Key Lessons Learned
The addition of CXL memory is a game-changer here. Without CXL Type-3 devices, you are stuck making a trade-off. If you want more memory capacity, you can use higher-density (more expensive) DIMMs. Alternatively, you can sacrifice node density and memory speed and move to 24 DIMM per socket 2DPC servers. The final option is that you can move to much harder to cool in-line dual CPU configurations that add a lot of power consumption and cost by adding a second CPU socket. Now, with the ASUS RS520QA-E13-RS8U, you can add memory capacity without sacrificing speed or density.

CXL memory operating at DDR5-4400 speeds and in a remote NUMA node is certainly not the highest-performing option. On the other hand, it strikes a great balance of performance, cost, and density.

Utilizing CXL, we get more memory capacity on a single CPU while still reaping the 2U 4-node density benefits. When we reviewed 2U4N servers previously, many STH readers and OEMs said that a common reason to use two lower core count CPUs instead of one was simply to get more DIMM slots. This fixes the associated modern challenge of how to cool a second in-line CPU in a half-width 1U node as well.
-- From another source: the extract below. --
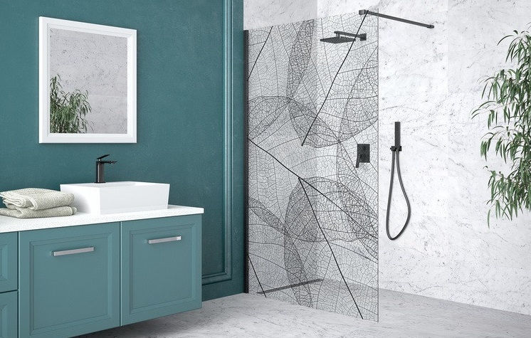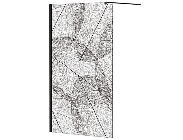 Душевая перегородка Besco Leafy Walk in 120х200 см профиль черный матовый/прозрачное стекло с узором LF-120-200C
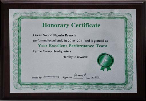Le siège de GROUPE GREEN WORLD a décerné équipe de brillant exploit excellent de 2010-2011 à la filiale nigériane de GREEN WORLD.

To be clear, this is not the perfect solution for every application. At the same time, having eight CXL DIMMs of expandability per node, or adding 32 DIMMs per 2U chassis that would normally hold 48 DIMMs is significant for those that need more memory capacity.

If nothing else, this was just a cool server because it shows something else. Many hyper-scalers are not deploying CXL in PCIe cards or EDSFF form factors. Instead, they are using cards like these to provide better cooling to the modules. (See an example we showed recently.) This is one of the first non-hyper-scale systems we have seen outside of a scale-up system we saw that incorporates this type of CXL integration.
STH Server Spider: ASUS RS520QA-E13-RS8U
In the second half of 2018, we introduced the STH Server Spider as a quick reference to where a server system’s aptitude lies. Our goal is to start giving a quick visual depiction of the types of parameters that a server is targeted at.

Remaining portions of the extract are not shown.